[501] Papers relative to the trade and manufactures of New York, 1705-1757, are in Doc. Hist. N. Y., i.
[502] [Page 79, ante. Since that other description of maps in this volume was finally made, there has been issued (1885), in two large volumes, a Catal. of the printed maps, plans, and charts in the British Museum, in which, under the heads of America, New York, etc., will be found extensive enumerations of maps of the eighteenth century.—Ed.]
[503] The drafts of Delisle particularly were the bases of many maps a long way into the eighteenth century. See Catal. Maps, Brit. Mus., 1885.
[504] For example, the Geography anatomiz’d or the Geographical Grammar, by Pat.
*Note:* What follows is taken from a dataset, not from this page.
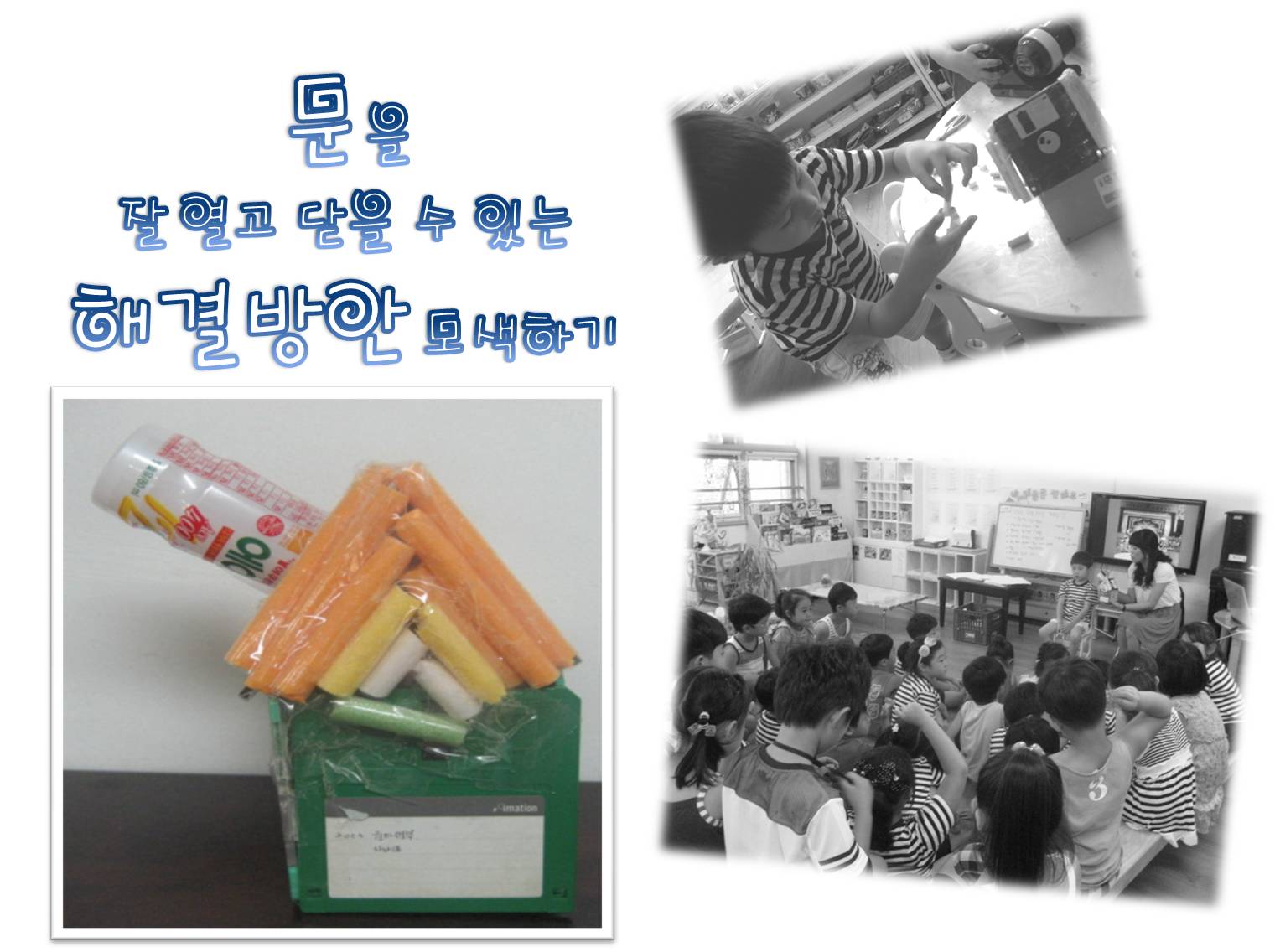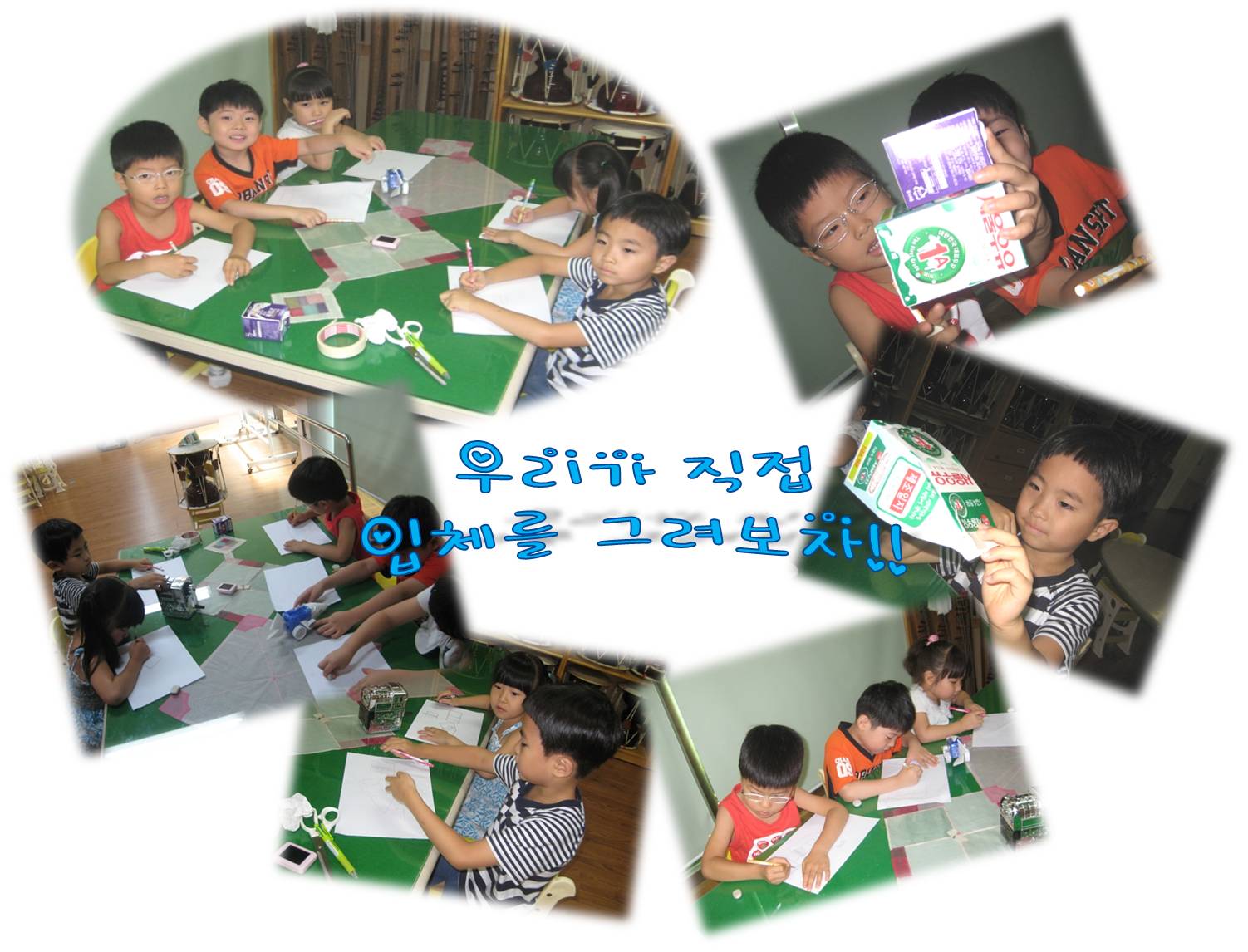 <집만들기- 굴뚝에 대한 궁금증> 조형영역에서 한 유아가 플로피디스켓을 이용해 집을 만들던 중에 문제점에 부딪히게 됩니다. “선생님, 집에 문이 잘 안열려요. 수수깡을 붙이려면 테이프를 붙여야 하는데 테이프 때문에 자꾸 안열려요. 교사: 이 문제점에 대해 다른 친구들로부터 좋은 생각을 들을 수 있지 않을까? 그렇게 해서 나눔시간을 통해 문제점을 해결할 수 있는 방법을 모색하게 됩니다. 유아2: 투명테이프는 수수깡과 다른 부분을 함께 붙여야 붙여지지만 양면테이프를 이용하면 수수깡에만 끈적한 부분이 붙기 때문에 더 좋을 것 같아. 유아4: 손잡이가 없어서 열고 닫기가 조금 불편할 것 같아. 밖에다 종이 같은 것을 동그랗게 말아서 손잡이를 붙여주면 열고 닫기 좀 더 편할 것 같아. 그때, 한 유아가 궁금한 점을 질문합니다. 유아5:그런데 굴뚝은 왜 있어? 유아1: 원래 집에는 굴뚝 있잖아. 유아6: 우리 집에는 굴뚝 없는데? 대부분의 유아들이 자신의 집에서 굴뚝을 본 적이 없다고 이야기 하는 도중... 유아7: 우리 집은 아파튼데도 굴뚝 있었어요. 옥상에 길쭉하게 생긴 것 본 적 있어요. 유아1: 그런데 옥상에만 굴뚝이 있으면 1층이랑 2층에서 나는 연기는 어떻게 빠져 나가? 유아8: 현관문을 통해서 나가겠지? 유아9: 창문도 있잖아. 유아10: 가스레인지 위에 보면 요리할 때 엄마가 열어서 연기가 빠지게 하는 것이 있거든요. 그게 하수구 같은 길이랑 연결되어 있어서 옥상까지 갈 수 있는게 아닐까요? 우리 집에도 굴뚝이 있을까요? 굴뚝이 없다면 집에서 나는 연기는 무엇을 통해 밖으로 나갈 수 있는 걸까요? 주말 동안 잎새반 친구들과 함께 이야기 나누어 보시는건 어떨까요?<자동차 만들기> 평면을 입체로 표현하기 전 각 부분을 먼저 그림으로 표현해 봅니다. 유아1: 옆모습은 양쪽이 같아요! 그래서 한 개만 만들면 될 것 같아요. 유아2: 위에서 보았더니 그냥 네모 모양이예요! 유아3: 앞에서 보아도 네모 모양이예요! 그런데 자동차의 앞면, 옆면, 윗면, 아랫면의 모습을 모눈종이에 옮기다 보니 문제점에 부딪치고 맙니다. “입체로 그릴려니까 잘 모르겠어!” 옆에서 본 모습은 자신들의 생각을 넣으면 되지만 앞에서 보았을 때, 위에서 보았을 때엔 그저 직사각형의 모습인 것을 유아들은 이해하지 못합니다. 각자 빈 우유곽으로 만든 자동차를 보며 앞면, 옆면, 윗면, 아랫면을 그려 친구들 것과 비교해 본 유아들은 서로가 다르게 표현한 부분에 대한 의문을 가지게 됩니다.

Gordon (London, 1708), makes the St. Lawrence divide “Terra Canadensis” into north and south parts, of which last section New York (discovered by Hudson in 1608) is a subdivision, as are New Jersey (discovered by the English, “under the conduct of the Cabots,” in 1497) and Pennsylvania, of which it is blindly said that it was discovered “at the same time with the rest of the adjacent continent.” The western limit of these provinces bounds on “Terra Arctica.”
[505] For example, the map without date or imprint, called Pennsylvania, Nova Jersey et Nova York cum Regionibus ad Fluvium Delaware in America sitis. Nova Delineatione ob oculos posita per Matth. Scutterum, Sanctae Caes. Maj. Geographum, Aug. Vind. It places “Dynastia Albany,” “St. Antoni Wildniss,” or “Desertum orientale,” near the junction of the two branches of the Susquehanna River. New York city is on the mainland, from which Long Island is separated by a narrow watercourse.
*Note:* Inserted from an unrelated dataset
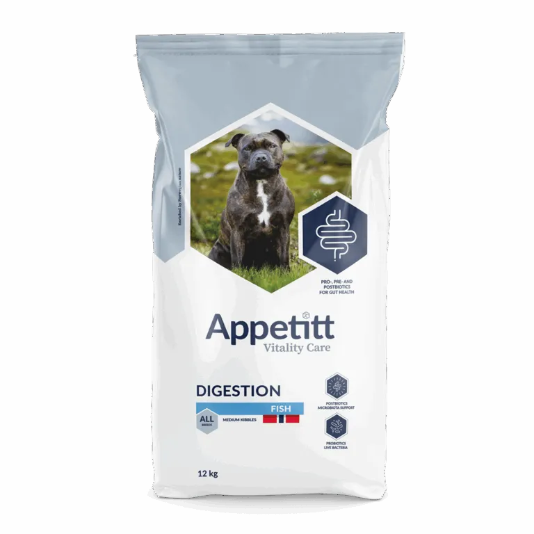 Appetitt Vitality Care Digestion Fish er et fullfôr for voksne hunder over ett år som trenger ekstra støtte til fordøyelsen.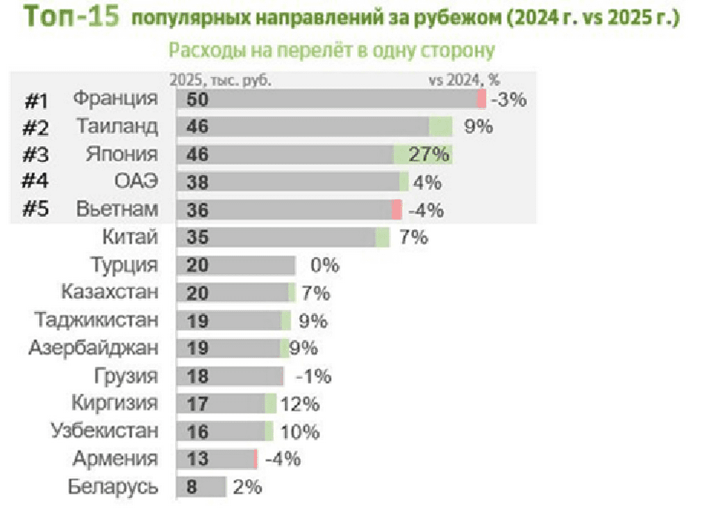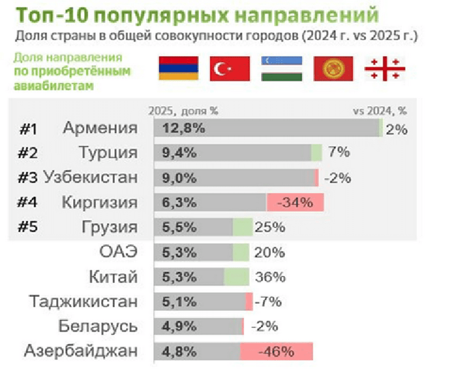 Интерес к зарубежным поездкам усилился. В 2025 году за границу отправился каждый четвёртый российский турист против каждого пятого в 2024 году. Доля международных авиабронирований выросла на 14%, а бронирований отелей – на 15%. В списке зарубежных направлений лидируют Закавказье (Армения, Грузия), ОАЭ, Китай и Турция. А вот популярность Центральной Азии у российских туристов снизилась.

Another, equally wild in its license, is a Carte Nouvelle de l’Amérique Angloise, etc., Dressée sur les Relations les plus Nouvelles. Par le Sieur S. à Amsterdam chez Pierre Mortier, Libraire, avec Privilége de nos Seigneurs. Lake Erie (Lac Fells) is misshapen, and the Ohio River is ignored.
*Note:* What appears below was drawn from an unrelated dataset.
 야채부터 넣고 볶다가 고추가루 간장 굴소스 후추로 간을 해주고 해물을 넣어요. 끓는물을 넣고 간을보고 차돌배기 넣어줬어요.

A common error in the maps of this period, based on Dutch notions, is to place Lakes Champlain and George east of the Connecticut, as is shown in the Nova Belgica et Anglia Nova of Allard’s Minor Atlas, usually undated, but of about 1700. The same atlas also contains (no. 32) a map showing the country from the Penobscot to the Chesapeake, called Totius Neobelgii nova tabula.
[506] [He was born in 1664, and had since 1687 been occupied in his art. During 1701-06 he was at Leipzig, at work on the maps in Cellarius; then he contributed to the geography of Scherer, which appeared in 1710. Homann published what he called an Atlas Novas in 1711, and an Atlas Methodicus in 1719.—Ed.]
[507] Including one without date: Nova Anglia Septentrionali Americae implantata Anglorumque Coloniis florentissima, Geographiae exhibita a Joh. Baptista Homann, Sac. Caes. Maj. Geographo, Norimbergae, cum Privilegio Sac. Caes. Maj. “Novum Belgium, Nieuw Nederland nunc New Jork,” occupies the territory bounded by a north and south line from Lac St. Pierre (St. Lawrence River) through Lakes Champlain and George to about Point Judith on the Sound. In the northwest corner of New York we find “Le Grand Sault St. Louis;” in the southwest, “Sennecaas Lacus,” from which the Delaware River and a tributary of the Hudson, “Groote Esopus River,” emerge. The “Versche River,” the Dutch name for the Connecticut, runs west of Lake George.
[508] See ante, pp. 80, 133. Sabin gives editions of his Atlas in 1701, 1709, 1711, 1717, 1719, 1723, 1732. Moll’s map of the New England and middle colonies in 1741 is in Oldmixon’s British Empire. His drafts were the bases of the general American maps of Bowen’s Geography (1747) and Harris’s Voyages (1764). Cf. Catal. Maps, Brit. Mus. (1885), under Moll, and pp. 2969-70.